I stare at that officer and don’t know what to do. Will they send me back to the UK? Or will they send me back to China, straight away? I don’t have return ticket. If now they send me back, will I need to pay the air tickets? Or will they pay the fee?

I am standing in the corner of the Customs, all the passengers passed by, and new passengers from some other strange countries all left too. I am remained alone. After a while, I see the officer gives my passport to a new officer, then he leaves. This new officer is a very kind man, probably he is from less-west-country. He lets me fill a form, then he checks through the form. And then he lets me stand in front of the camera. I never notice there is a camera underneath the glass box of the customs! I stand there and try to smile and being innocent. The nice man says OK, and he stamps on my passport.

“What is that stamp?” I am so worried that he stamps something terrible, terrible for my future.

“It means next time, if you come to Ireland without a visa, you will be illegal.” He gives me back the passport with a black stamp allowing me short-period stay provided no working.

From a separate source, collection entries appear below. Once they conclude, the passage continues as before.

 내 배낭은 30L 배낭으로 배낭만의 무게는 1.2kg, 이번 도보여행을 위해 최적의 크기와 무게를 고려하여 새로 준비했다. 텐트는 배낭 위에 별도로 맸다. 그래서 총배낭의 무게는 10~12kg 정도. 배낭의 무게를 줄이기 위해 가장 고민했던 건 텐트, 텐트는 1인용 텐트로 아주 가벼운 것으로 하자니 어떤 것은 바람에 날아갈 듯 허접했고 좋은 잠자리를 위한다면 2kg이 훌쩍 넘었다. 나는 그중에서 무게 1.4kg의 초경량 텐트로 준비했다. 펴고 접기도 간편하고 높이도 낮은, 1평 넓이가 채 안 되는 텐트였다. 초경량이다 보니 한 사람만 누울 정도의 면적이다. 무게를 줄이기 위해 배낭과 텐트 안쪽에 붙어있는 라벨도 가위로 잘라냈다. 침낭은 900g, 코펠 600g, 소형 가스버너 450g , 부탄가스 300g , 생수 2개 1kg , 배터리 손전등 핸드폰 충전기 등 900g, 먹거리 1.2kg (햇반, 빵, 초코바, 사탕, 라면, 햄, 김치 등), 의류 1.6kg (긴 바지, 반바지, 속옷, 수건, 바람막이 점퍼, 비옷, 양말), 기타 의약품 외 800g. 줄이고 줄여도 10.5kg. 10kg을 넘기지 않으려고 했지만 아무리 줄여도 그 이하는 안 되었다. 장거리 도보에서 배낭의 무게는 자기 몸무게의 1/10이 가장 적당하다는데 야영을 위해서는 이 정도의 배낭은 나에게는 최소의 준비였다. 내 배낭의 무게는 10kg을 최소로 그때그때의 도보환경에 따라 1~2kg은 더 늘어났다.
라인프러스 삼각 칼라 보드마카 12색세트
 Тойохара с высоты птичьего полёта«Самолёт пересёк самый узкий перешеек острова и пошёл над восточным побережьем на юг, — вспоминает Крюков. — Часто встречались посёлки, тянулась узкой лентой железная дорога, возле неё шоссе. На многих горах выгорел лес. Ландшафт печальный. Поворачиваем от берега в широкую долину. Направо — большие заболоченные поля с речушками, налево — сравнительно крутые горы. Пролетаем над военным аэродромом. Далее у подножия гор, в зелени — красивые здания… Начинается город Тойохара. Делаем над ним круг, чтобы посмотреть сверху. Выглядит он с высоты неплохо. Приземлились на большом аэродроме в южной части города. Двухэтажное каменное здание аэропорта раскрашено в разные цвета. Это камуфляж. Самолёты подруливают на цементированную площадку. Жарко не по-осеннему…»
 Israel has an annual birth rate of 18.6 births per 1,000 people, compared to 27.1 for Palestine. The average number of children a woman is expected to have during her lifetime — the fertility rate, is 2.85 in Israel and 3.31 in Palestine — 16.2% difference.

“Do you understand?” the officer asks.

“Yes. Yes. Thanks you.”

I hold the passport like holding rest of my life.

Walking around Dublin I lost myself again. I am wandering in a park-St. Stephen’s Green. There is a lake in the park, and some swans live there. There are also some weird birds with green neck swimming on the water. The rain arrives, it is like rain curtain. It rains intensely. Nobody, no any plants, no any single leafs, can avoid the madness of the rain. I run out of the park. By the park, there is a hotel called The Shel-bourne Hotel. I walk in.

The hotel is unbelievabal. Somebody plays piano in the lobby. There is a fireplace, or no, two in the ground lobby. The fire is burning. I stare at the fire. I love watching fire, better than TV-the way it changes the shape all the time. The burning things inside are not like coal, or charcoal, or wood. It is a kind of black, long square piece of bar. I never see that before. I sit down on the old-soft-posh-arm-chaired sofa and feel the fire sucks my wetness from the rain.

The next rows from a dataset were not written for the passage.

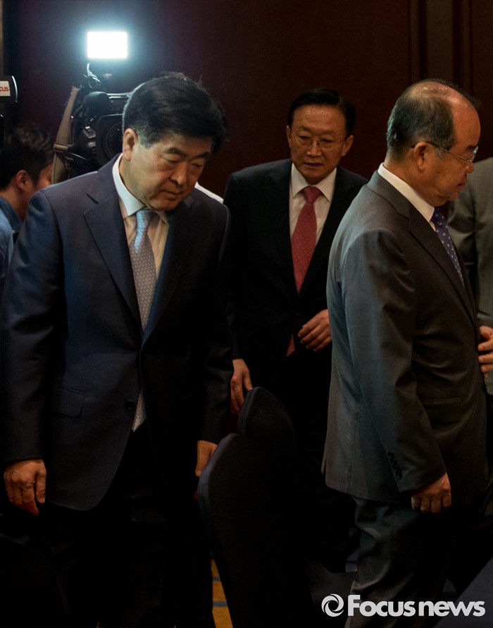 한편 이날 간담회에서 주형환 장관과 조선3사 사장은 조선업계 구조조정은 시장원리에 따라 원칙에 맞게 추진하되 건조능력의 적정화, 주력선종으로의 차별화‧전문화가 필요하다는데 의견을 모았다.(서울=포커스뉴스) 29일 오전 서울 강남구 그랜드 인터콘티넨탈 호텔에서 열린 산업부 주최 조선업계 CEO ·전문가 간담회에 참석한 권오갑(왼쪽부터) 현대중공업 사장, 박대영 삼성중공업 사장, 정성립 대우조선해양 사장이 기념촬영 후 착석하고 있다. 2016.06.29 양지웅 기자 (서울=포커스뉴스) 29일 오전 서울 강남구 그랜드 인터콘티넨탈 호텔에서 열린 산업부 주최 조선업계 CEO ·전문가 간담회에 참석한 주형환 산업통상자원부 장관이 발언하고 있다. 2016.06.29 양지웅 기자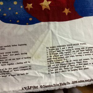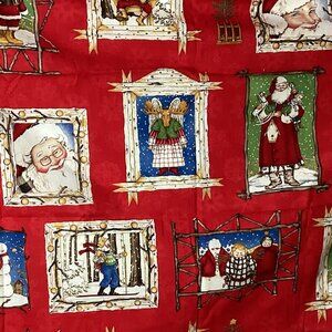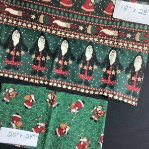 A bit over 5 yards total of different fabric with Santa and some friends! In photos 1 through 4 are "Mr. and Mrs. Santa Claus" which is a 35"x60" door panel. It does have tiny spot stains to the right of Santa's head under the word Claus. Barely noticeable, but fabric has not been washed. (A few larger spots on instructions.) (Already discounted for stain) There is 1 piece from Henry Glass, one yard of black printed Santas on red. in photo 10. Santa with green sack along with bird houses and birds near top right cover is no longer included.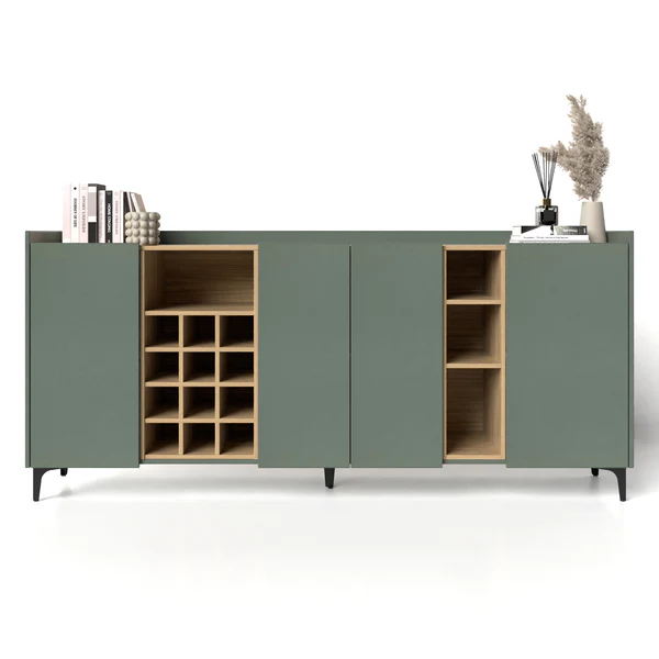 Con 4 puertas, el aparador proporciona amplio espacio de almacenamiento para libros, dispositivos multimedia y otros artículos. La robusta superficie es ideal para exhibir objetos decorativos, marcos de fotos o plantas. También se puede usar como mueble bajo, armario auxiliar, etc. Gracias al tablero de gran calidad, este aparador está diseñado para durar.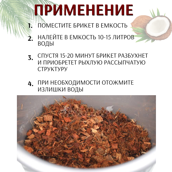| Основные питательные вещества в мг/л, не менее | Изготовлен исключительно из кокосового ореха без добавления химических удобрений |

“Excuse me, do you know what is this stuff burning in the fire?” I ask an old gentleman on next sofa. He is in black bowler hat and dark coat, with his tall black umbrella. He is like from Sherlock Holmes story, an old detective.

“I beg your pardon?” the old man says.

“You know this stuff, the stuff is burning, what do you call that?” I point to the fireplace.

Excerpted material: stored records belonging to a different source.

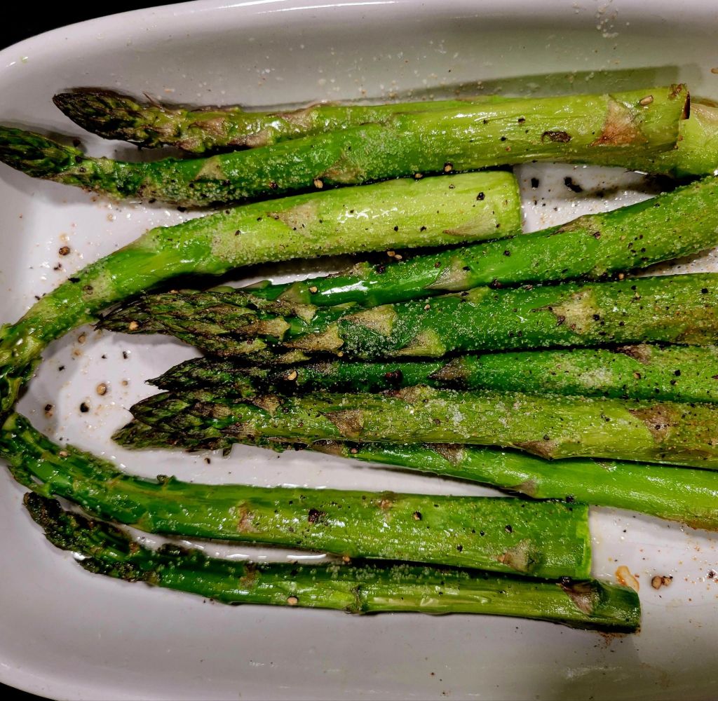 Here with corn, roasted asparagus, green goddess inspired salad. My granddaughter likes cajun seasoning on her corn 😉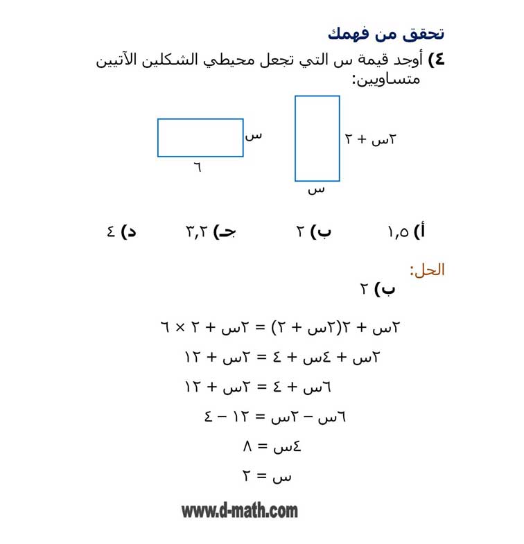 اوجد قيمة س التي تجعل محيطي الشكلين متساويين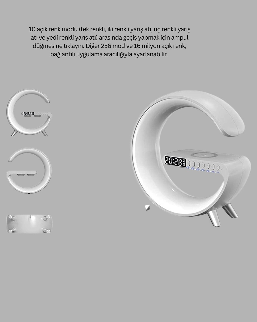 Kablosuz Şarjlı Atmosfer Lambası Bluetooth Hoparlör Ve Akıllı Alarm Özellikli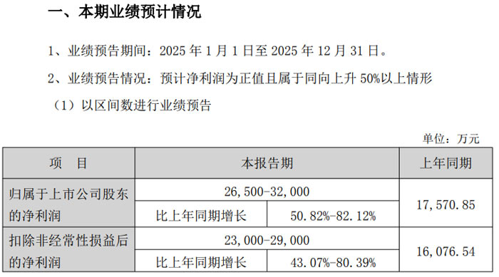 根据业绩预告,2025 年 1 月 1 日至 12 月 31 日期间,公司归属于上市公司股东的净利润预计为 26,500 万元至 32,000 万元,较上年同期的 17,570.85 万元增长 50.82%-82.12%;扣除非经常性损益后的净利润预计为 23,000 万元至 29,000 万元,较上年同期的 16,076.54 万元增长 43.07%-80.39%。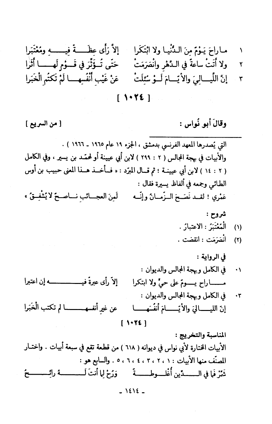 (مَا راحَ يَوْمٌ مِنَ الدُّنْيا وَلَا ابْتَكَرا ... إلاَّ رَأَى عِظَةُ فِيهِ ومُعْتَبرا)

“Ah, those are briquettes , my dear,” the old man answers proudly.

“Briquettes?” Why it sounds like a French bread?

“We also call it peat, my dear,” the old man adds, “or turf.”

The old man look at my deeply confused face. He gets up to perform for me, to help me to understand: “In the old times we in Ireland used spades to cut the turf. Then we’d dry it.” He is doing the gesture of digging and chopping.

The old man has very strong accent, and my English listening comprehension becomes hopeless.

“Turf” or “Tofu”? I don’t understand this word. Why they don’t simply call it “black burning stuffs”?

A young handsome waiter comes with a menu.

“Would you like to order something?” the waiter asks politely.